La historia de Fabiola, mujer trans que obtuvo el respaldo de la Corte Constitucional tras el rechazo de sus padres
ATA - Sylvia Rivera • 1 de diciembre de 2025
El alto tribunal ordenó aplicar de forma estricta el enfoque de género y proteger sus derechos fundamentales.
La Corte Constitucional reiteró que ninguna persona trans puede ser excluida de su núcleo familiar por ejercer su derecho a la identidad de género.
Esto sucedió tras fallar a favor de Fabiola, una mujer trans que acudió a la justicia tras ser rechazada y violentada por sus propios familiares.

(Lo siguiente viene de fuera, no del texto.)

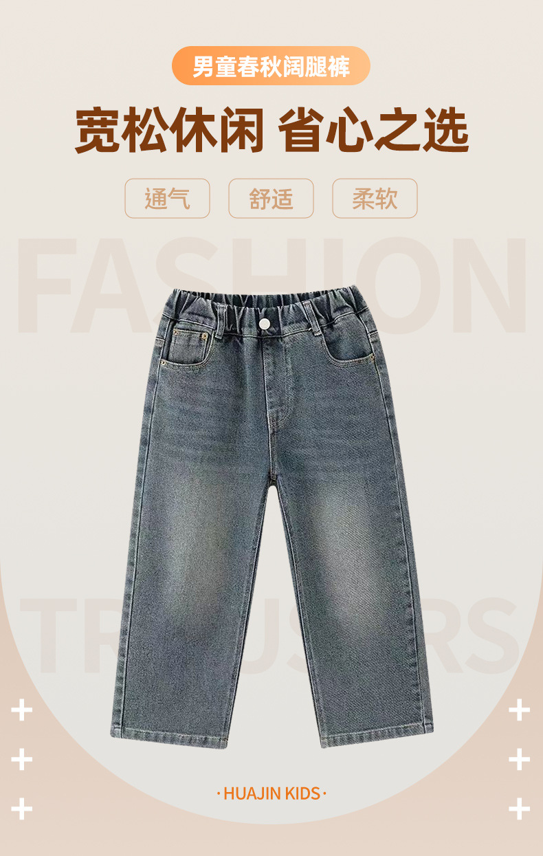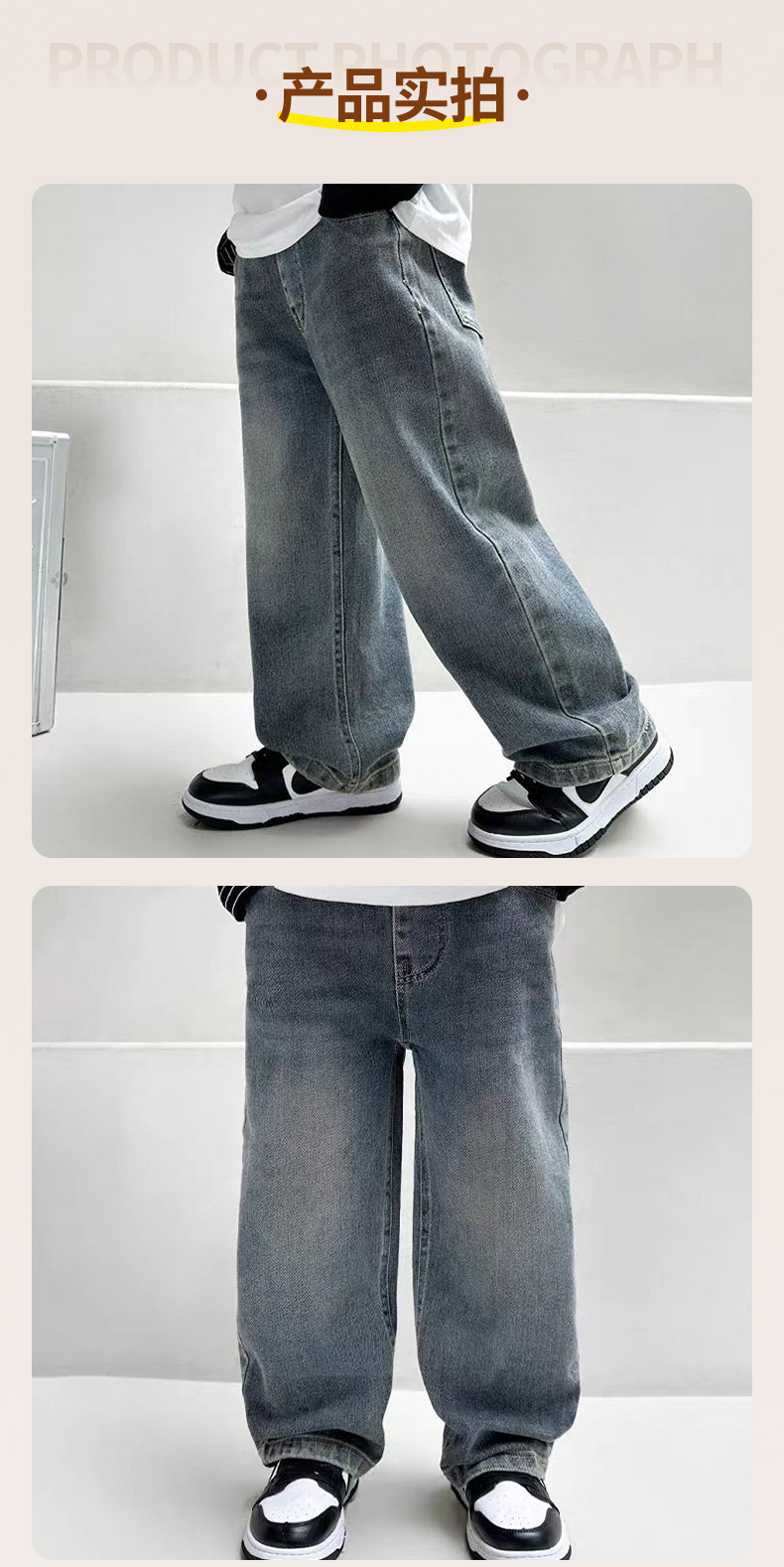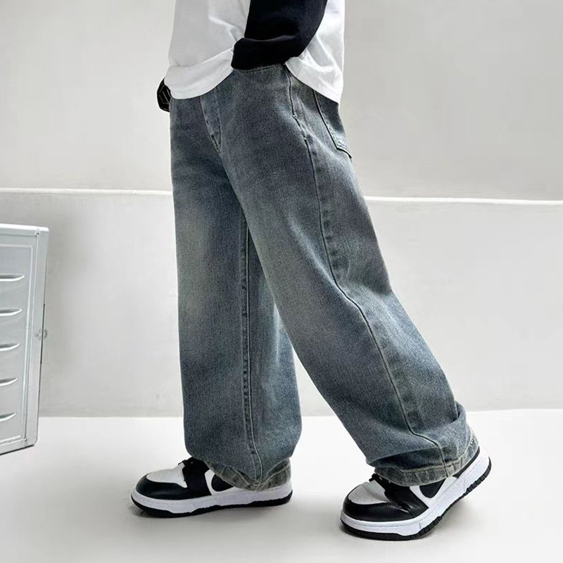 트렌디 한 새로운 도착 Zhongda Boys의 데님 넓은 다리 바지 어린이 스트레이트 다리 바지 복고풍 빨래 드레스 크래프트 청바지

Y es que el alto tribunal reafirmó que el enfoque de género es una obligación para todas las autoridades que intervienen en controversias familiares y que, en el caso de la población trans, deben garantizarse condiciones que eviten cualquier forma de discriminación o desigualdad.
Caso de Fabiola
El pronunciamiento se dio tras estudiar la situación de Fabiola, quien recurrió a la tutela después de que la comisaría de familia encargada de su caso no aplicara adecuadamente este enfoque frente a episodios de violencia que ella denunció.
La mujer acudió al mecanismo de amparo buscando protección frente a agresiones y malos tratos que recibía de su madre y de sus hermanos.
Según ella, la entidad que debía brindar acompañamiento no aplicó el enfoque de género pese a tratarse de una persona trans, categoría que la Constitución reconoce como sujeta de especial protección.
Con la tutela, el caso llegó a la Sala Cuarta de Revisión de la Corte Constitucional, que finalmente decidió amparar los derechos de la mujer, entre ellos la dignidad humana, la igualdad, el libre desarrollo de la personalidad, la identidad de género, el debido proceso y la vivienda digna.
Pues en su decisión, la Corte recordó que todas las autoridades, y en especial las adscritas al sistema de justicia familiar, deben aplicar el enfoque de género de manera estricta.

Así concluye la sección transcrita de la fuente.